FAQs

 

What is the Cooperative Economy Act?

The Cooperative Economy Act (CEA) promotes the formation and growth of worker co-ops and establishes additional incentives for working with co-ops. Worker co-ops can serve as staffing firms that are designed to employ workers, including in the gig economy.. Workers at worker co-ops are designated as W2 employees and also own and govern the business.

The Act also creates the Federation of California Worker Cooperatives, which serves as a membership organization for worker co-ops. The Federation is organized as a private, nonprofit mutual benefit corporation with the purpose of establishing new worker co-ops, overseeing worker co-op compliance with democratic governance standards, and establishing the labor policy of worker co-ops.

Why do we need the CEA?

California has lost an estimated 1.5 million jobs since March 2020, with women, immigrants, and people of color bearing the brunt of these losses. A nationwide study conducted by the Federal Reserve System Banks found that 1 in 3 small businesses will not survive the pandemic, and that businesses owned by people of color were faring worse. 57% of firms overall characterized their financial condition as “fair” or “poor,” but this increased dramatically to 79% for Asian-owned firms, 77% for Black-owned firms, and 66% for Latinx-owned firms. California’s economic recovery requires an equity driven, worker-centered redesign of the relationship between company and worker.

What are the benefits of starting a worker co-op?

Worker co-ops are eligible for tax, permitting fees, and licensing fee relief if they join the Federation of California Worker Cooperatives (Federation), a new entity created by the Act to support worker co-ops. In addition, the Federation proactively develops new worker co-ops in specific industries. The Federation can also offer technical assistance, governance expertise, and other administrative support to member co-ops.

Are worker cooperatives already part of California law?

Yes, California has a cooperative corporation act that allows companies to elect to be worker cooperatives. Companies that incorporate under this act will have safe harbor for demonstrating their compliance with democratic worker control.

How is CEA good for workers?

In addition to having employment protections, workers in a worker co-op are the majority owners of the business with the financial and governance rights that come with ownership. With a worker co-op, workers can set policies (like benefits and PPE provision, for example) that make for more predictable pay and better workplace conditions.

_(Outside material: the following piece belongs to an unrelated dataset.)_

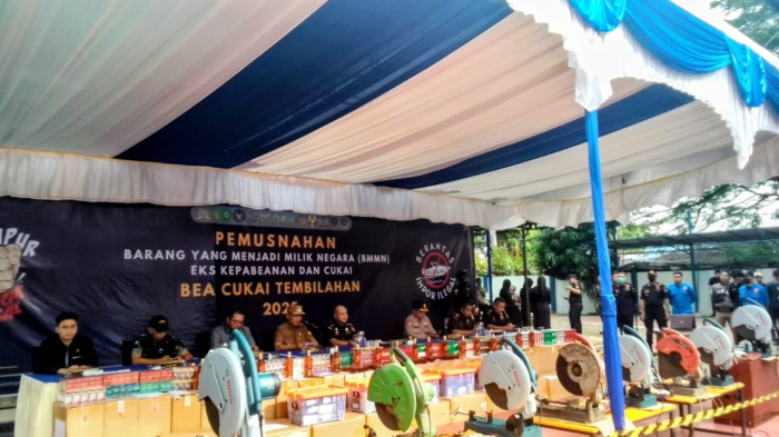 Adapun barang yang dimusnahkan meliputi 2.118.090 batang rokok ilegal, 25.200 mil minuman mengandung etil alkohol (MMEA), 1.094 unit handphone berbagai tipe, 30 unit suku cadang handphone, 30 unit pelindung layar (screenguard), serta tiga paket suku cadang handphone lainnya.

How do worker cooperatives work?

The financial and ownership structure at most companies is designed to maximize profit and benefit to shareholders. Worker cooperatives are different. While worker cooperatives can be very profitable, they are ultimately accountable to their workers and therefore do not maximize profit at workers’ expense. There is evidence that worker cooperatives are more resilient than other forms of business, with lower failure rates and an ability to better survive political and economic crises. The long-term perspective with multiple generations of owners to consider contributes to their longevity and the stability they provide to their members and the community.

Why would companies contract with worker co-ops for labor?

Companies that contract with worker co-ops do not have to employ workers themselves. In order to access these benefits, the worker co-op must be a member of the Federation.

Why combine unions and worker ownership?

When workers in a worker cooperative are also represented by a union, worker voice is reflected at multiple levels. While it may seem counterintuitive that a business owned and controlled by rank-and-file workers would need a union, there are multiple roles that the union can play, including in enforcing democratic decision-making, grievances, policy advocacy, as well as access to benefit plans and training resources.